This film had a major cast though it's surprising how many of the names looking back are best known now for TV rather than film. The trio of astronauts are James Brolin, Sam Waterston and OJ Simpson, though we focus very much on Brolin. It's fun watching OJ Simpson with the benefit of hindsight. He goes along with the scheme because he doesn't want his family to get hurt; he doesn't take the knife because he doesn't know how to use it. If only he'd had more screen time he might have got into an SUV and been chased by half of NASA's finest.

Dr Kelloway is a superb Hal Holbrook, believable both as the man with principles and the man who is having to break them in a massive way. Elliott Gould is the journalist, Robert Caulfield, who comes into his own as the film progresses, underplaying the role nicely without ever falling prey to the standard journalist shtick. He gets the top credit. Brenda Vaccaro is a very effective lead astronaut's wife. Backing them all up are people like Karen Black, David Huddleston and a highly memorable Telly Savalas, along with David Doyle (Bosley from Charlie's Angels), and not one but two actors from Hill Street Blues, James B Sikking and Barbara Bosson.
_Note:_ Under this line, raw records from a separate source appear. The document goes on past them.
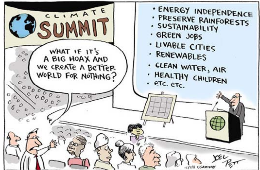
USA Today published this cartoon just before the 2009 Climate Change Conference in Copenhagen (© Joel Pett)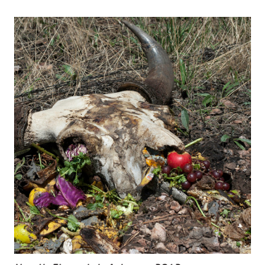
N soil, Firepoint, Arizona, 2012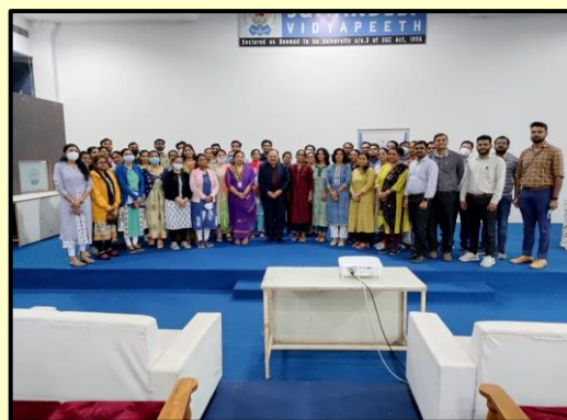
EBES FDP December 2021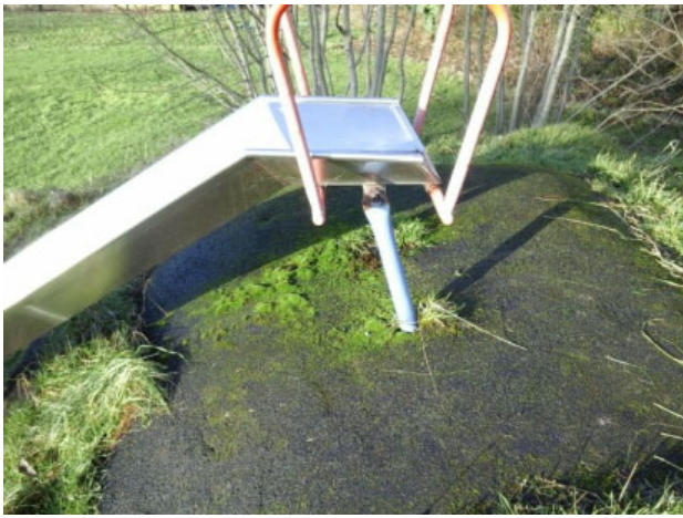
The slide start section incline is not in the direction of travel; it should slope towards the direction of the sliding surface Finding: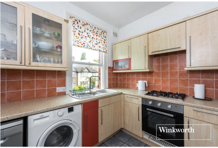
LICHFIELD GROVE, LONDON, N3 £500,000 LEASEHOLD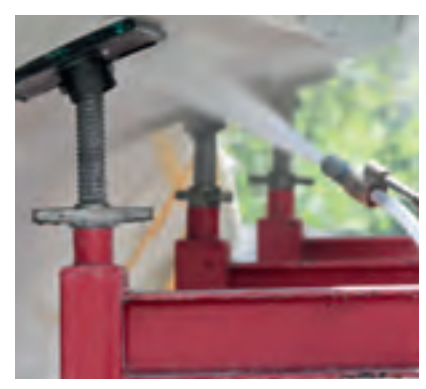
Engine, battery maintenance, oil change, disposal of waste oil etc.

CLEANING AREA: Directly next to the crane facilities is our environmentally friendly boat washing area.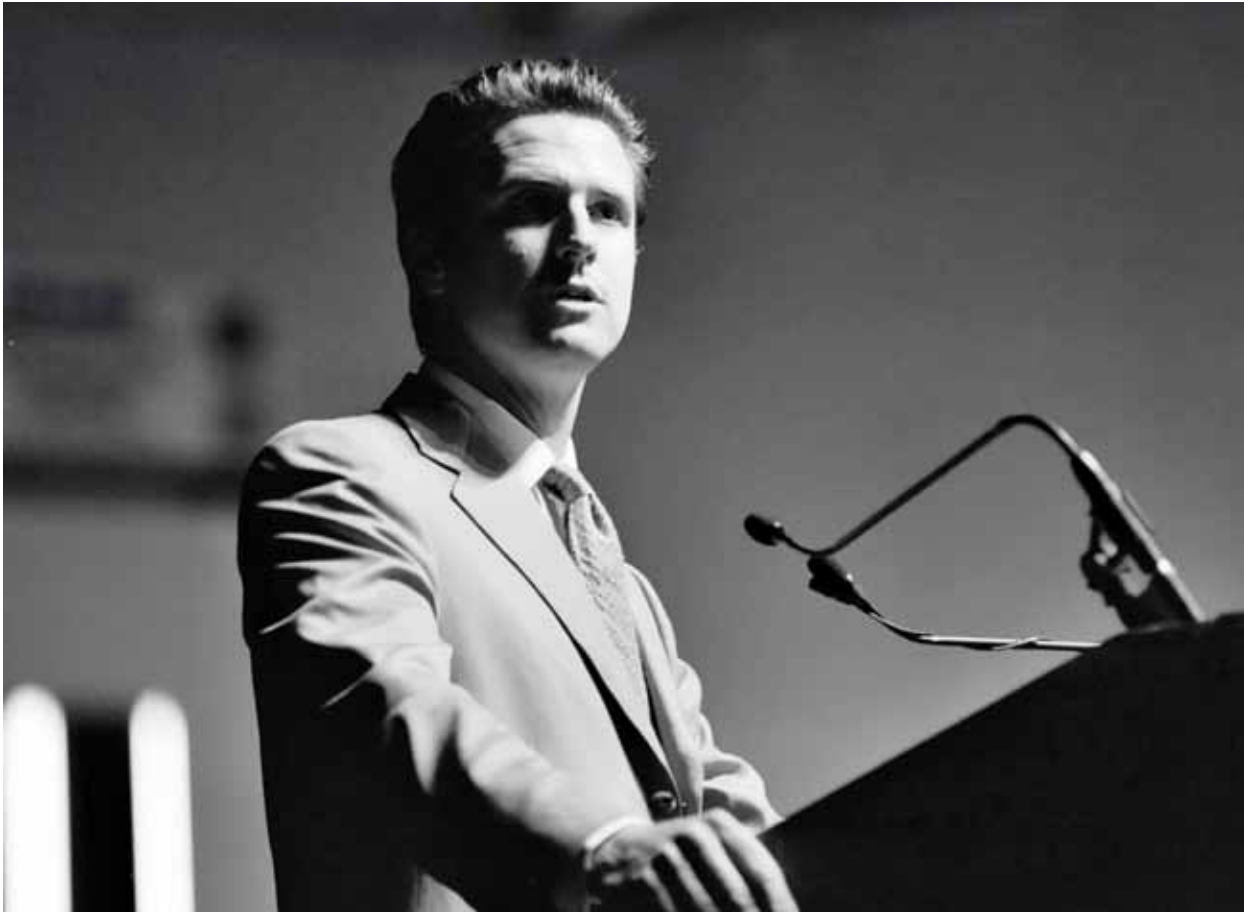
Getting the message across photo

The Adjusters are loving leaders, your safe and sure guides through the dark and uncertain mazes of your short earthly career; they are the patient teachers who so constantly urge their subjects forward in the paths of progressive perfection. [Paper 110:1, page 1203:4]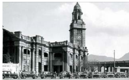
Figure -6: Former Tsim Sha Tsui Kowloon-Canton Railway Terminus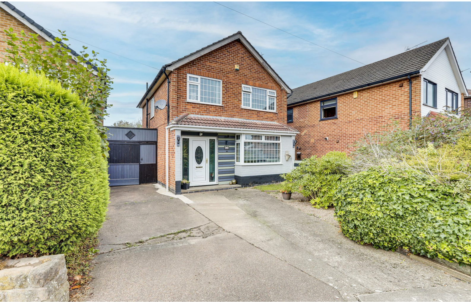
Erewash Grove, Toton, Nottinghamshire NG9 6EZ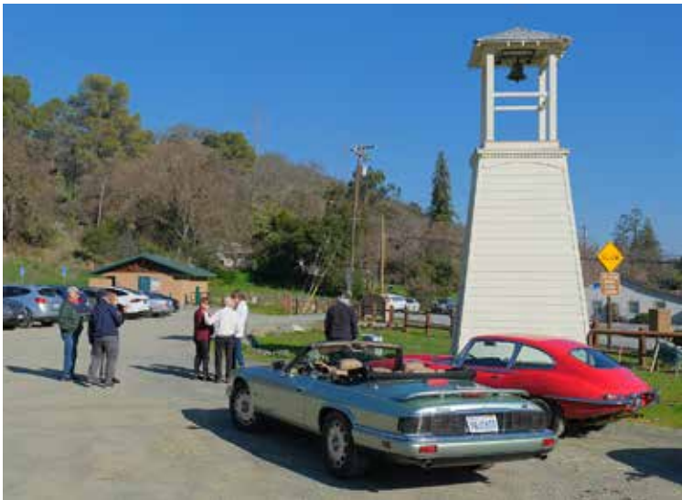
Grrrrreat day to have the cats out.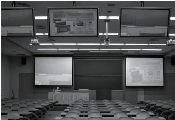
Figure 2. Overview of classroom

images of teacher computer are also displayed in the middle monitor of distant computer room. Students take classes while referring operations by the teacher. If students cannot understand the operations just referring the middle monitor, teacher can operate student computer from teacher computer.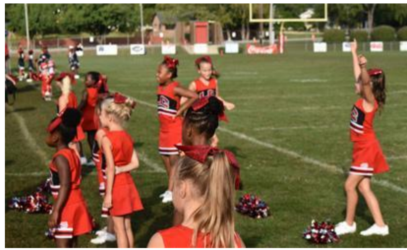
The final day to register for Pop Warner cheerleading will be this Saturday.

It isn't the actors that resonate though, however good they are at what they do, it's that conspiracy theory material. You just can't get away from it here because its the essence of the piece and it's why it's far better known than it ought to be. It isn't a bad film, but it's not spectacular. It deserves a spot in film history as a decent seventies thriller, but there were a lot of those and many were better than this. Yet none of those tapped into a vein of popular culture that refuses to die.

1 comment:

Anonymous said...

In hindsight, One cannot help but wonder if OJ Simpson has really been put away because of the popularity of the Capricorn one movie. After all, the very sensitive subject of any possible faked Nasa Mission cannot be tolerated. No matter the cost in human lives.

And then there is the subject that will not die of Building Number 7 at the World Trade Center. It is not Healthy to Question the Official Version of events, no matter how awkward they are later revealed to be.